Kili told me her father had passed away last year just before the age of 50.
I’m so sorry, I said to her. That’s terrible.
Why? Kili asked. He lived a good life and it was his time.
Kili and her family live in a grass hut in a village on the Yasawa Islands. They were hosting me for a homestay. In Fiji, the average life expectancy is 69, so 50 is premature even by their standards. Besides, who the heck says He lived a good life when a 50-year-old dies?
Here, if a 50-year-old passes away, it’s tragic. He had so much life ahead of him, we would say. But what about all the life behind him? What was he doing for those first 50 years?
This month’s National Geographic cover story claims that babies born today will live to be 120. Through advancements in epigenetics or something. You don’t see such magazine covers in Fijian villages, because the people there don’t have access to gene therapy or National Geographic. What more, they don’t care.
In societies free from modern influences, people accept that life is temporary. One lives, behaves as well as one can, and one dies.

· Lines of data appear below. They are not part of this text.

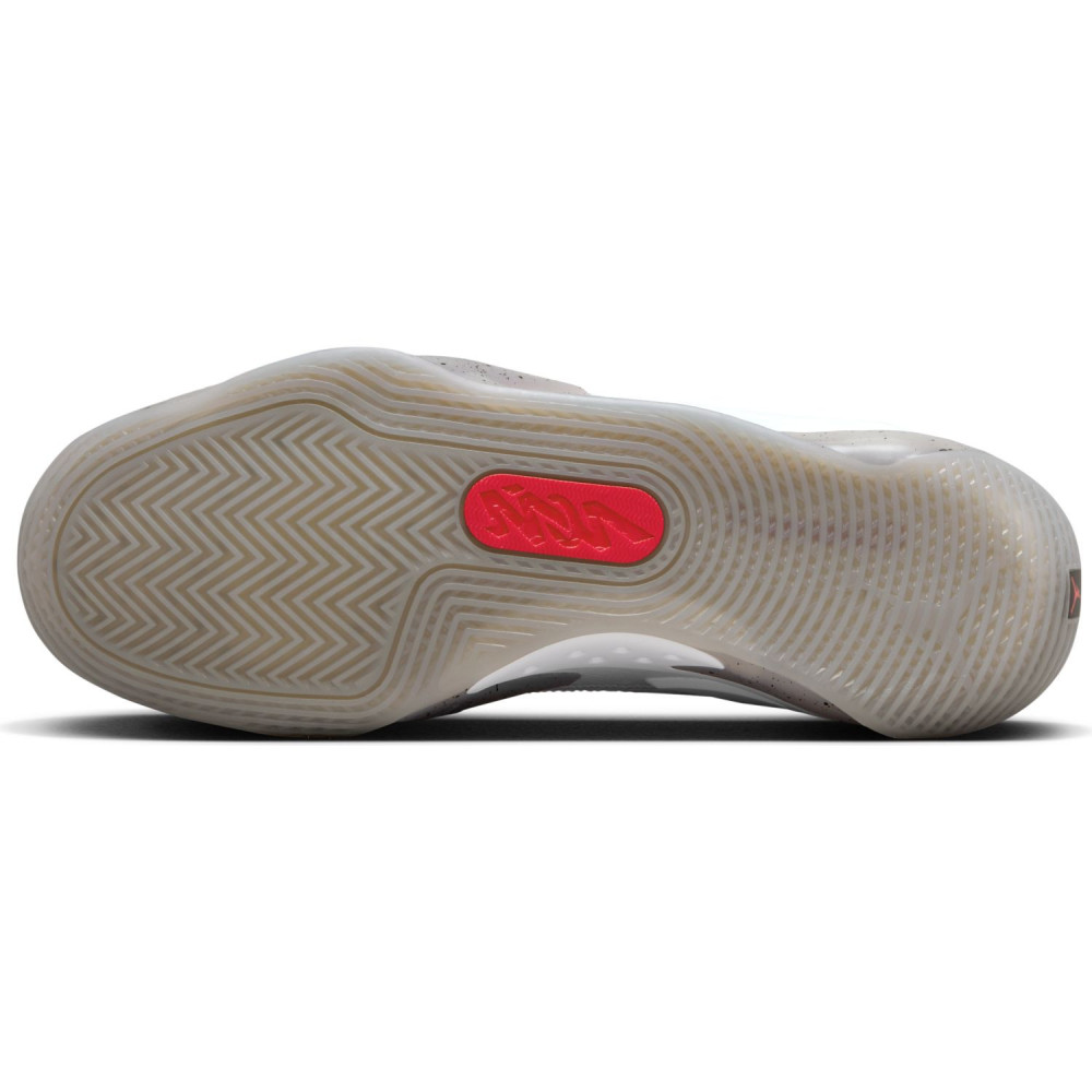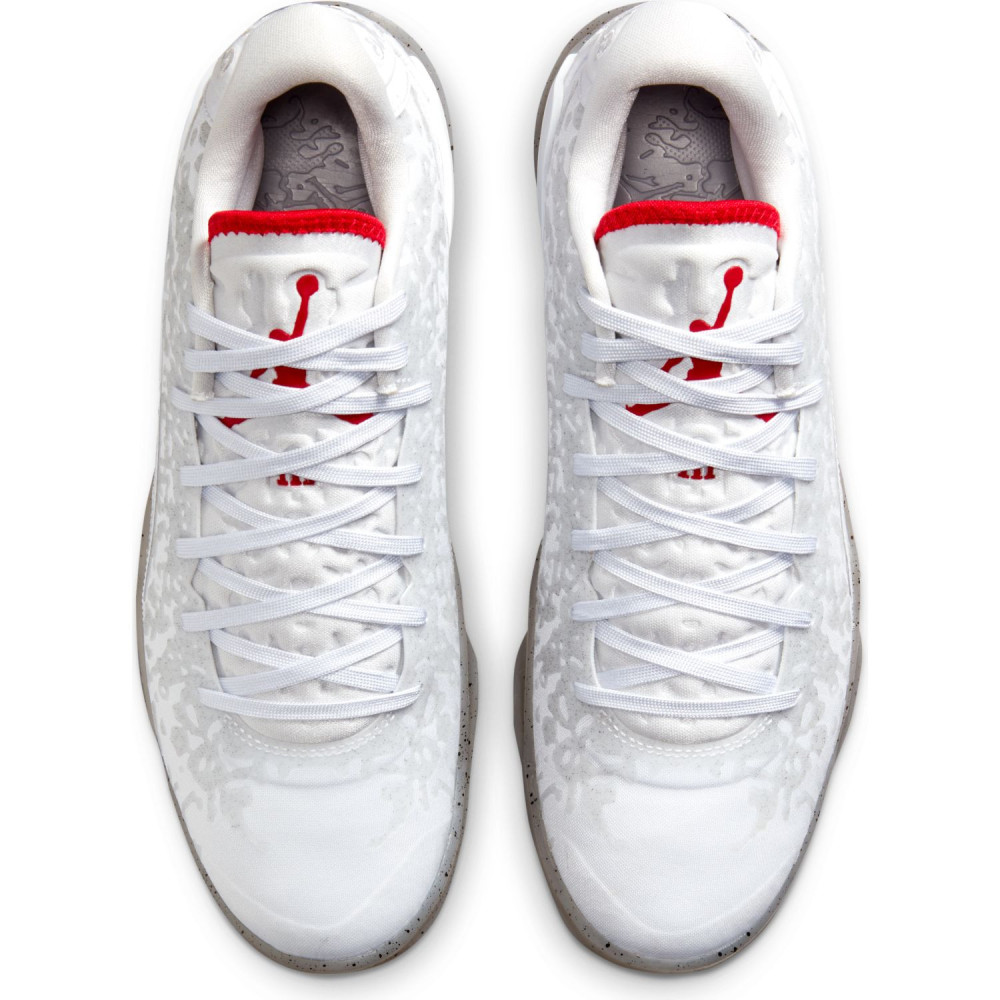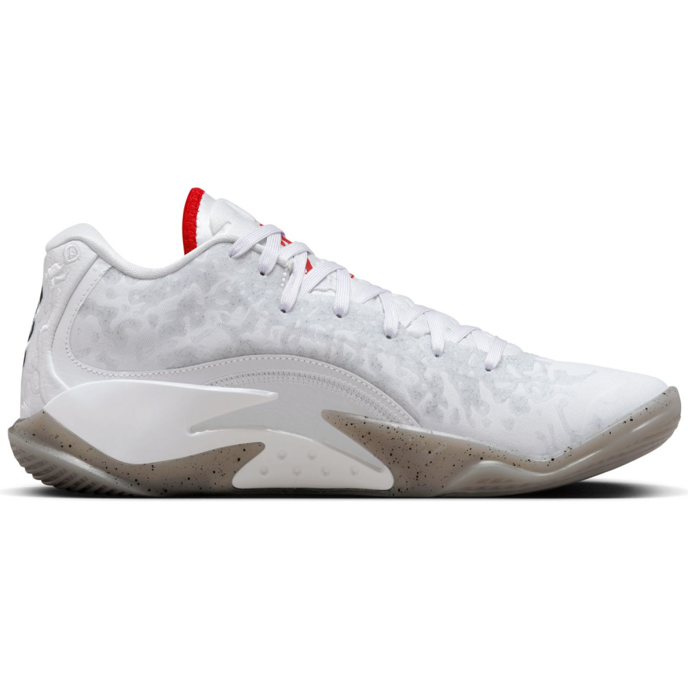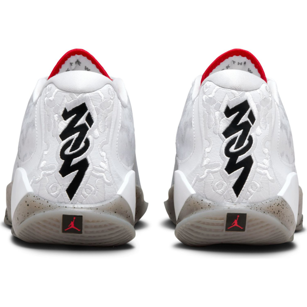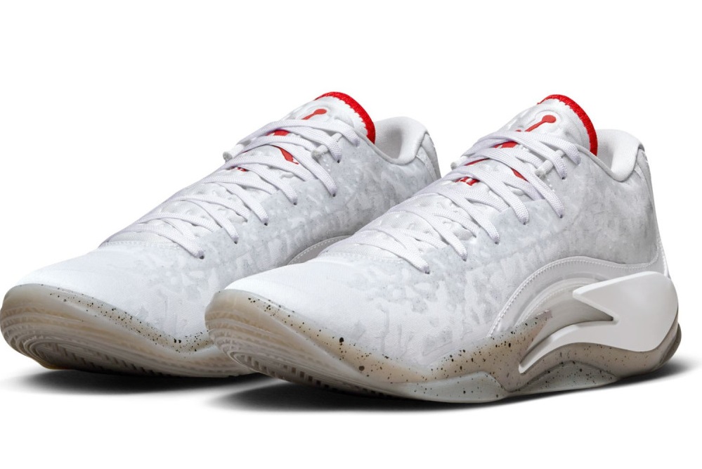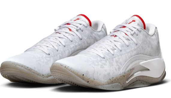 Pour cette dernière mouture baptisée « Fresh Paint », Jordan Brand est parti sur du classique avec un brin d’inspiration « Made in Chicago ». La tige principalement blanche est ici complétée de finitions en noir, comme sur le logo « Zion » sur le talon, et rouge », au niveau de la languette notamment. L’ensemble repose sur une semelle extérieure beige translucide tachetée de noir.
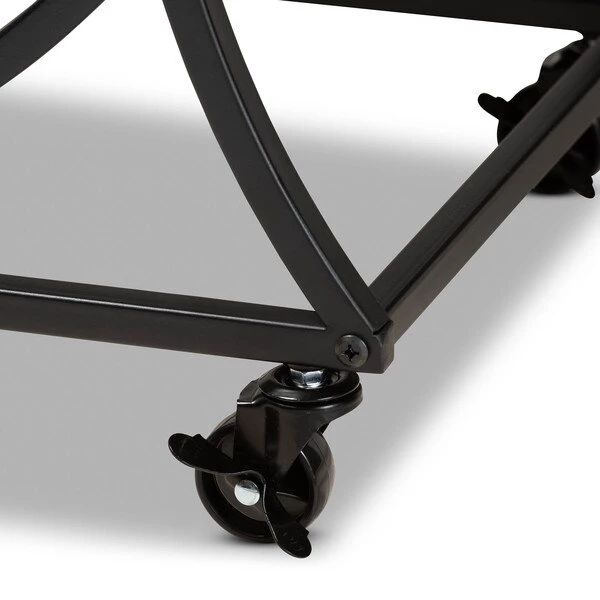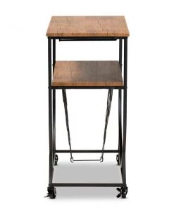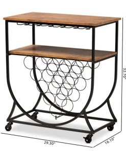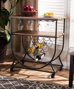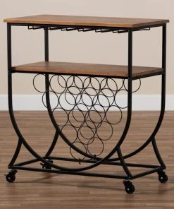 Enhance your space with the industrial warmth and character of the vintage inspired Dania wine cart. The Dania is comprised of a black finished metal frame fitted with two walnut brown finished wood shelves. The built-in wine rack holds 15 bottles of your finest wines, while the stemware rack provides secure storage for glasses. Requiring assembly, the Dania is also fitted with wheel casters to provide smooth mobility. A chic and functional wine storage solution, the Dania wine cart easily upgrades the modern home.
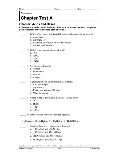 Printable Acids And Bases Test For Chemistry Grades 6 12
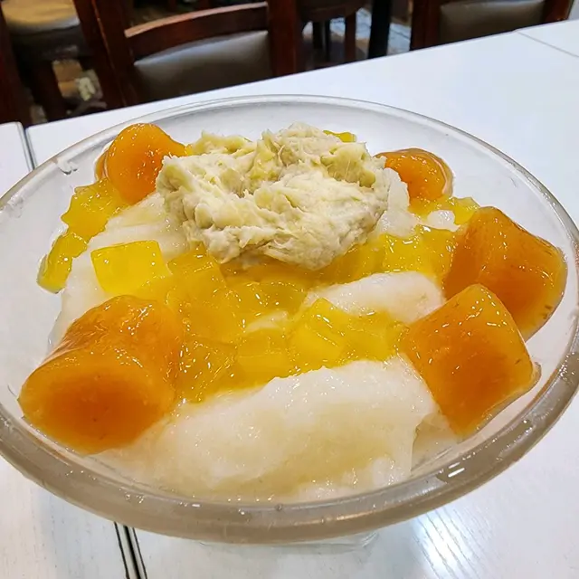 呢間甜品店之前一直都係叫外賣,今次第一次到店食。甜品有好多選擇,鍾意食榴槤嘅呢度亦都有。榴槤銷魂 $52有少少榴槤肉,好香甜,配埋刨冰超冰涼,另外伴碗方面,餐牌係寫綠茶點子,但上枱是係橙色嘅啫喱,我唔肯定係咪綠茶點子,另外仲有我鍾意嘅芋圓。刨冰入面有奶凍,整體都幾豐富好味。榴槤多少少會仲開心🤏🏻🤏🏻櫻之雪山 $46牛奶棉棉冰好香滑,側邊有草莓碎酸酸甜甜,另外亦有啲白玉(小丸子),加埋個雲呢拿雪糕,成碗足夠凍到爽。但餐牌寫有“日本鹽櫻花”……唔見嘅😅兩個甜品整體唔錯嘅,係有好少嘢同餐牌有啲出入,但唔中影響。開始天氣熱喇,行過不妨入去消暑一下。查看更多
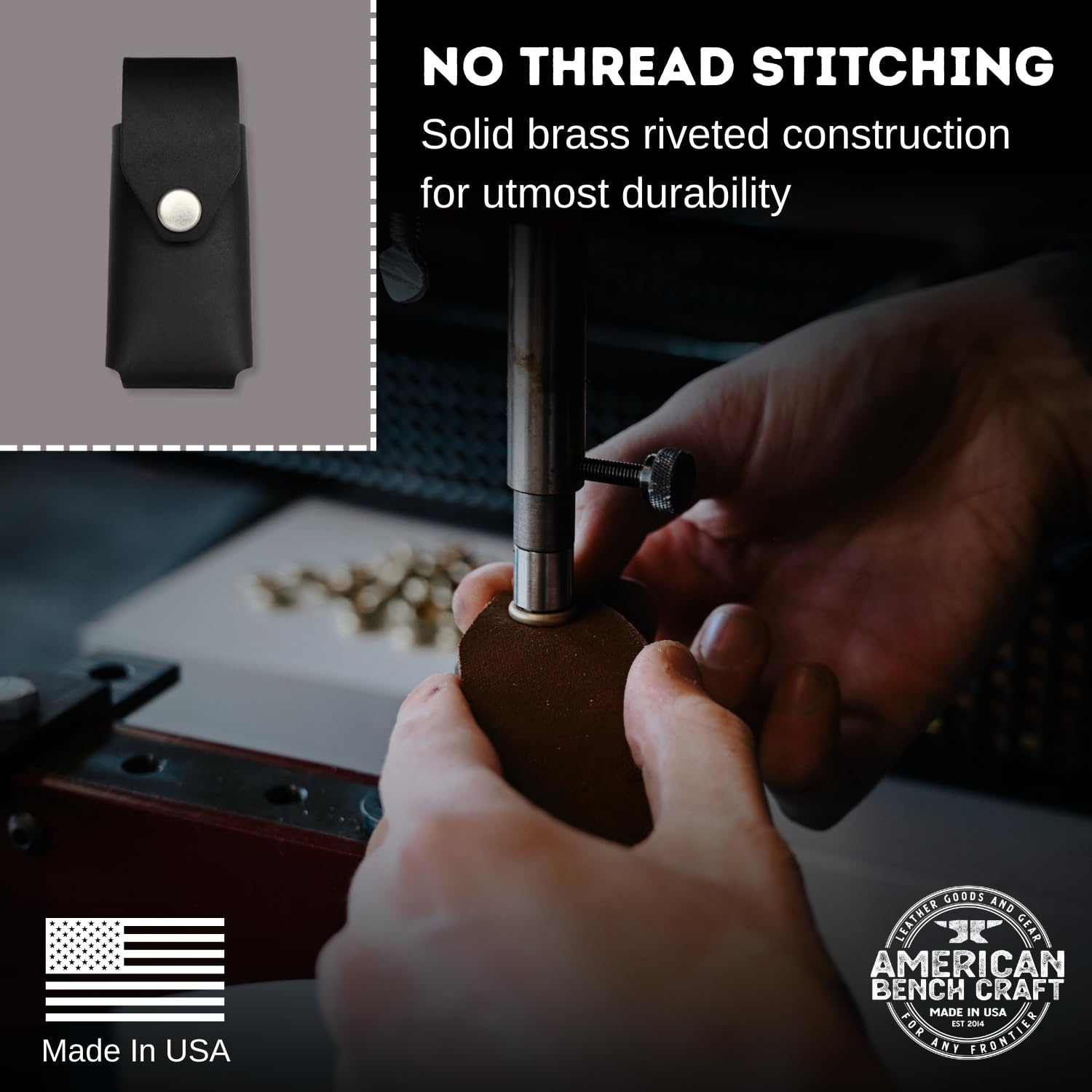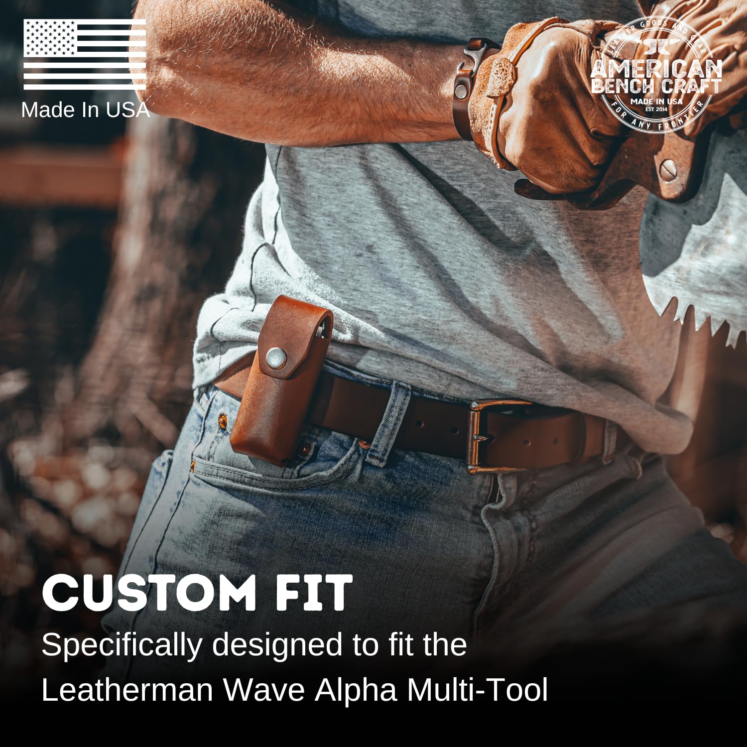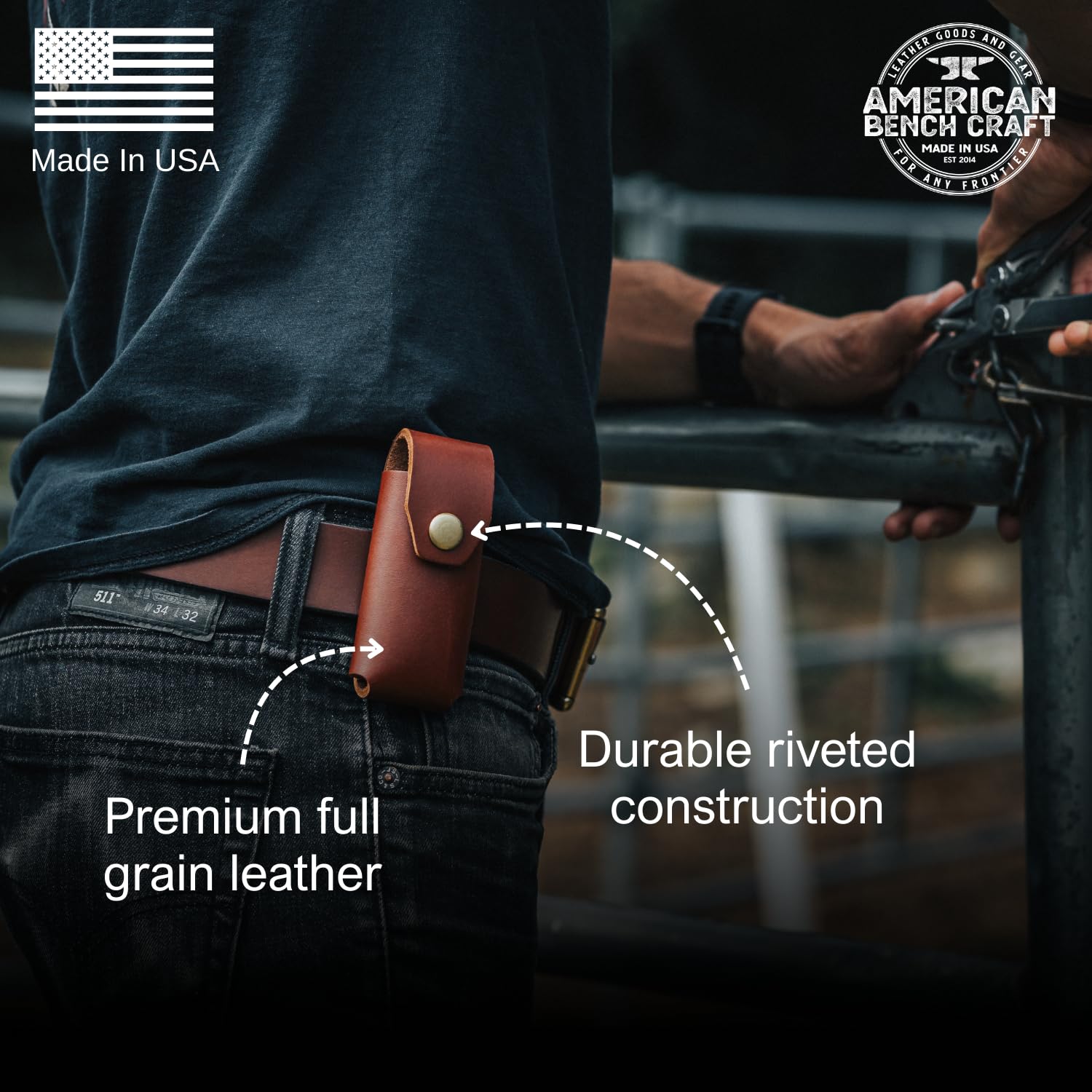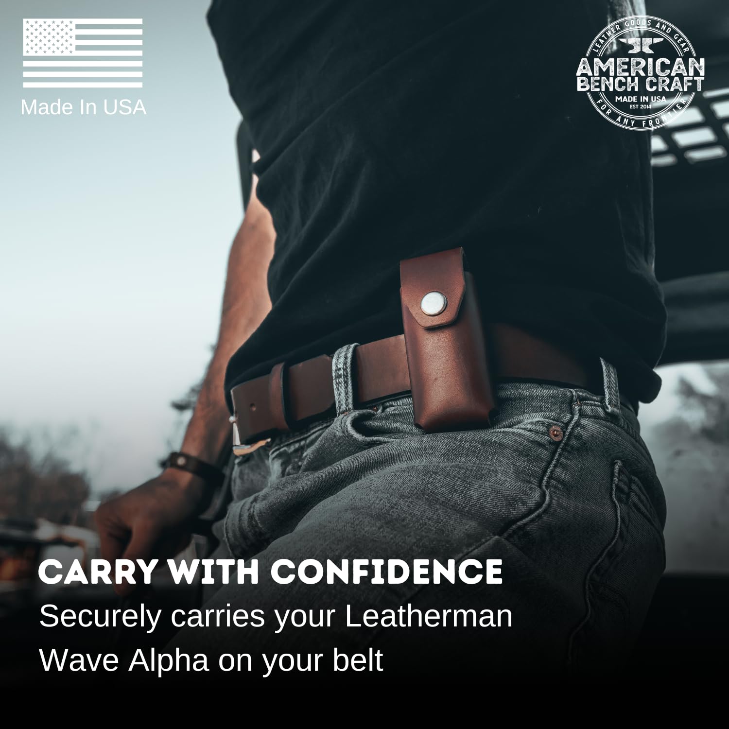 Made in the USA: This multitool belt sheath is proudly crafted by American Bench Craft, a veteran-owned company based in Wilmington, Massachusetts. By choosing this multitool case, you're supporting American craftsmanship and veterans.

They don’t worry about living to 120 or whatever because they live life on their own terms from the age of 0. They certainly don’t waste the first half of their lives preparing for the second half. If Kili’s father had already been living his life to the fullest, what would he have gained from another 19 years? More fullness?
Americans are obsessed with extending their lifespans because the majority of their lifespan sucks. We live our lives according to external expectations, shackled to the ball and chain of a career, mortgage, kids, debt, and a million other things.
We don’t start living on our own terms until 65. That’s why we care so much about living to 120.
If familial history is any indicator, I have about 60 years left on this planet. Taking my lifestyle into consideration, the number is probably closer to 3. Either way, I hope that when I die, nobody says I still had my whole life ahead of me.